How to Successfully Manage a Remote Team

Finding a suitable remote team for your business is only the first step of a successful relationship. What comes next is probably the harder part – creating a habit of working together with humans thousands of miles away. Sure, you have enough tools and apps to communicate with, keep track of and present ideas to your team, but it takes some additional efforts to make this relation a truly fruitful one. Here’s our quick advice.

Clear message

Communication is a key factor for any business with an onsite team. When speaking in the context of a distributed team in one or more locations, it becomes a crucial part in the efficient work of the organization. It’s not enough to write some tickets or vaguely discuss features with your team members and take for granted that they’ll connect the dots and understand why this is being done. You need to give them the bigger picture, explain why this new element is needed in a wider context. Only then will your remote developers be able to work with the higher purpose in mind, laying the path for upcoming functionality.

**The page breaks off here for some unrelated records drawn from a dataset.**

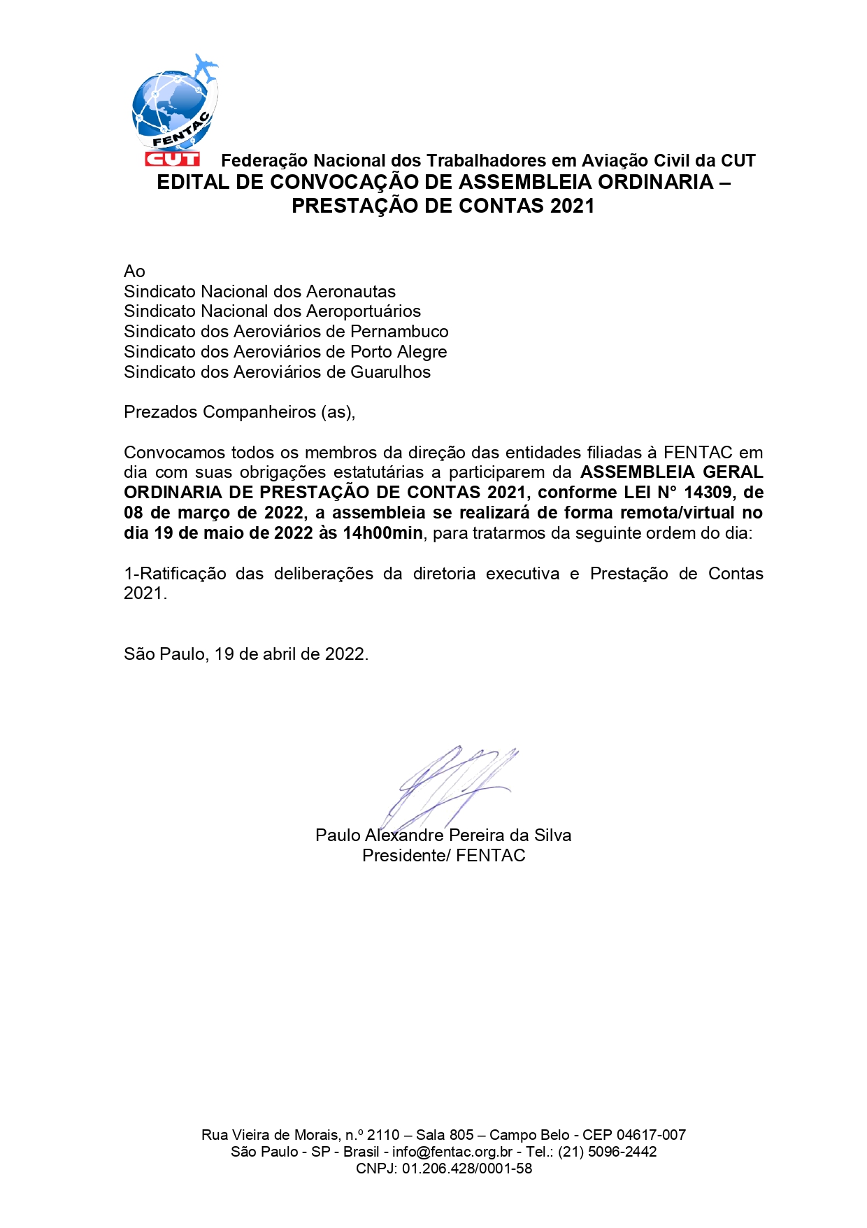 No próximo dia 19 de maio, às 14h, a Federação Nacional dos Trabalhadores em Aviação Civil (FENTAC) promove a Assembleia de Prestação de Contas da entidade. Estão convocados todos os membros da direção das entidades filiadas em dia com suas obrigações estatuárias.
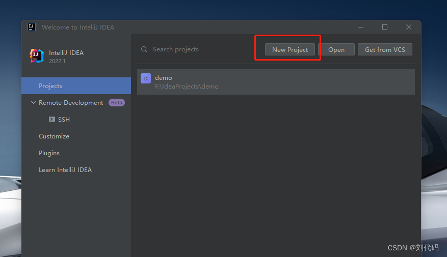 先创建一个名为SpringBootDemo的项目,选择【New Project】
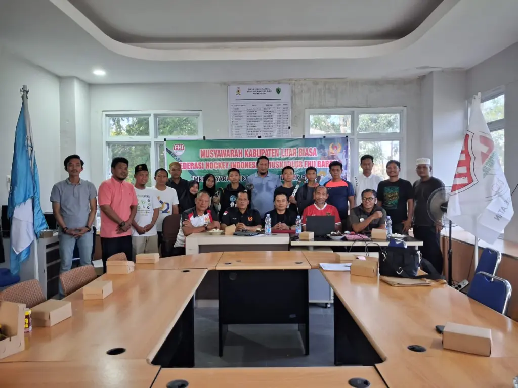 Barru, IdieaNews.com – Federasi Hockey Indonesia (FHI) Sulawesi Selatan bersama Komite Olahraga Nasional Indonesia (KONI) Kabupaten Barru menggelar Musyawarah Kabupaten Luar Biasa dengan tema “Memasyarakatkan Hockey untuk Barru”. Dalam acara tersebut, Muhammad Fadli terpilih secara aklamasi sebagai Ketua FHI Kabupaten Barru periode berikutnya. Acara ini berlangsung di Kantor KONI Barru, dihadiri langsung oleh Pengurus Provinsi Federasi Hockey Indonesia Sulawesi Selatan Gajahmada Harding, SS, M. Si selaku Ketua Umum dan Muskarnain Yunus, S.Pd selaku Sekum, serta Pengurus Koni Kab.Barru, tampak hadir Muhammad Syathir, S.Pd., M.Pd, selaku Wakil Ketua Bidang Organisasi dan Drs. Alimin, SAP selaku Sekretaris Koni Kab.Barru. Minggu (03/08/2025)
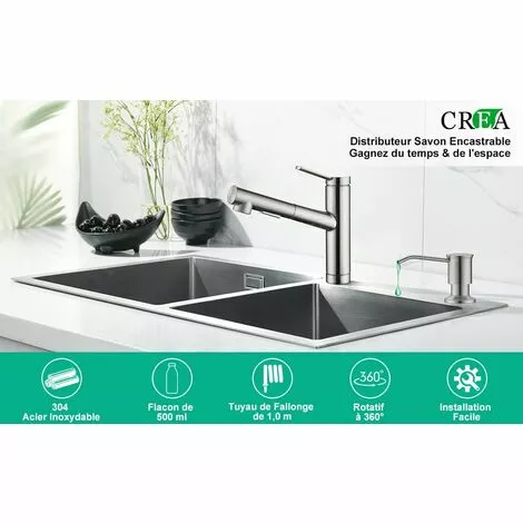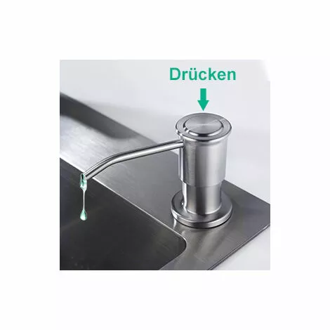 DescriptionType: built-in soap dispenserMaterial: stainless steelSurface: matt blackCan be filled from aboveFilling volume: 500ml bottle1.0m extension hose360° rotating nozzlePractical dust filterCAN BE FILLED FROM TOPThe soap dispenser can be well filled from above. Simply remove the pump head, pour soap from the top, and reinsert the pump head. There is no need to remove the bottle. HAS A LONG SPOUT The swivel spout with a 76mm projection pumps well and extends from the hole to the sink, so no soap drips onto the shelf beside it tap, but in the sink, if at all.
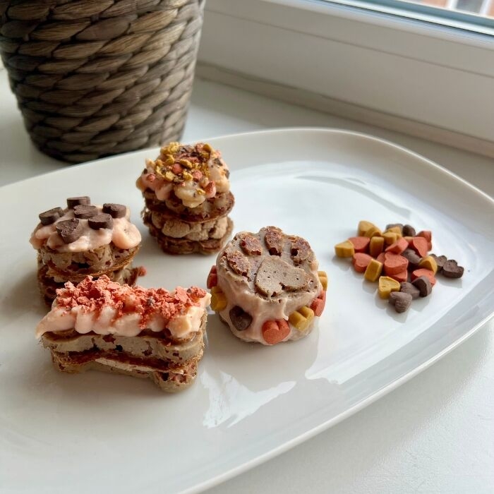 • Vi brugte Tubidog Vådfoder til at samle 2 kager, og Wanpy Vådfoder som "hundeglasur"
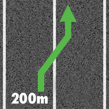 Asystent pasa ruchu wyraźnie wskazuje pas ruchu, który należy zająć przy dojeździe do skrzyżowania, aby nie ominąć zjadu na autostradzie.

One of the primers of remote working, the social media company Buffer, has adopted a company-wide policy of repeating things twice. They believe that memos, chat posts and emails can get buried in an avalanche of requests, so repeating a point twice will significantly increase the chance of tackling it.

Build and maintain trust

Trust is a big deal with remote teams. After all, you can’t see your teammates in front of you the whole time and you don’t exactly know when and how much they’re working. You need to trust them that they know how to divide their time to complete the job. When a teammate gives you an estimated time until completion you have to trust that this time doesn’t include four days of slacking and two days of actual work. One way to reduce any kind of doubt concerning people’s productivity is creating the habit of justifying the time spent for a certain finished result. Try doing daily/weekly stand-ups where teammates describe what they’ve been working on, what issues they encountered and what they plan to do next.

The best practice of building trust is to employ communication tools that involve a video connection. That way, teammates will take into account other means of communication such as gestures and facial expressions, which are much more important for building long-lasting, personal connections.

The best way to go, when working with a remote team is to make efforts to include them in your organization. The remote teammates may not be a formal part of the company, but they need to feel like they’re part of a wider team with a common goal. Bring the whole team together once or twice a year, share office humor with them, encourage virtual friendships. Consider a remote team as an extended part of your company family and the results will be notable.